Archives Directory for the History of Collecting in America
Archives related to: Thomson, Anne
|title||Frank Thomson papers, 1826-1915 and undated (bulk 1863-1864, 1871-1872, 1897-1899)||repository||Drexel University|
|collection title||The collection consists of four series: correspondence, railroad-related material, other printed material, and photographs. Representative formats include paper records, brochures, newspaper clippings, bound volumes, maps, and photos. U.S. Military Railroads activities during the Civil War period (especially 1863-1864) and the Russian Grand Duke Alexis’s state visit to the United States in 1871-1872 are especially well documented.|
Mr. Thomson’s correspondence between 1861 and 1864, much of which details the day-to-day administrative operations of the United States Military Railroads, may be of particular interest to researchers interested in the Civil War. Researchers interested in railway history should note that although railroad materials comprise their own series, much of Mr. Thomson’s correspondence also documents the administration of the U.S. Military Railroads.

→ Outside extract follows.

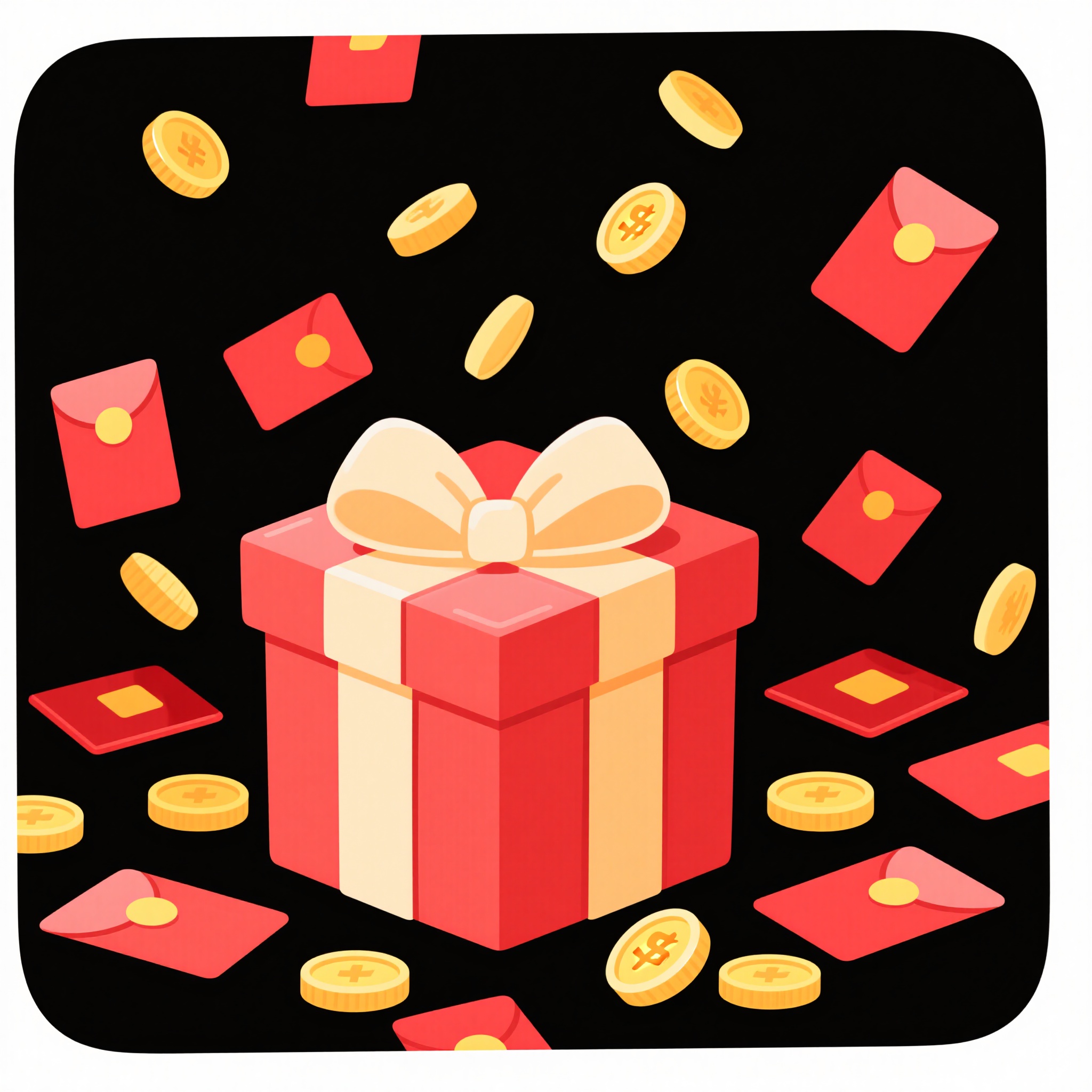 作品描述:促销活动红包,红色礼盒主体,顶部蝴蝶结,周围散落红包与金币,扁平插画风格,方形构图,背景黑色

Most of the paper records in the Pennsylvania Railroad subseries deal with the Grand Duke Alexis’s visit, which was the largest official state visit by Russia to the United States to that time. The administrative history of the Pennsylvania Railroad itself is not particularly well documented in Mr. Thomson’s correspondence, but the collection does contain maps, books, publications, and other printed matter relating to the railroad.
The provenance of the collection, and how it came to the archives at Drexel University, is unclear. The correspondence, which consists of letters to and from Mr. Thomson, was clearly collected by him, and the printed matter and some of the railroad-related material were also presumably collected by Mr. Thomson. Other parts of the collection, however, such as the portion of the printed matter series that relates to Mr. Thomson’s death, are believed to have been collected by Mr. Thomson’s daughter, Anne.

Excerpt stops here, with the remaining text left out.